### Raw data

--------------------------------------------------

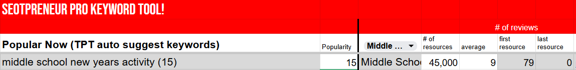 Here’s an example of a keyword that wouldn’t have shown up in TPT search before because the popularity of 15 is below the previous cut-off threshold of 20.
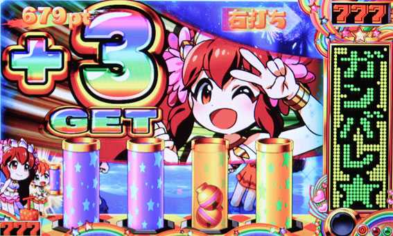 回転中にボタンアイコンが表示されると発生のチャンス。セクシーなすももちゃん登場で信頼度大幅アップ!
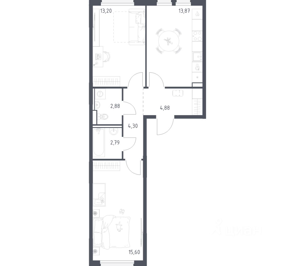 Строим кварталы для жизни с заботой о будущем. Предлагается 2-комнатная квартира комфорт-класса площадью 57,52 кв.м в корпусе 21 на 9-м этаже, в жилом комплексе "Пригород Лесное".

--------------------------------------------------

### Work request
Give the listing again word for word. Skip any pictures.

### Your response
 Here’s an example of a keyword that wouldn’t have shown up in TPT search before because the popularity of 15 is below the previous cut-off threshold of 20.
 回転中にボタンアイコンが表示されると発生のチャンス。セクシーなすももちゃん登場で信頼度大幅アップ!
 Строим кварталы для жизни с заботой о будущем. Предлагается 2-комнатная квартира комфорт-класса площадью 57,52 кв.м в корпусе 21 на 9-м этаже, в жилом комплексе "Пригород Лесное".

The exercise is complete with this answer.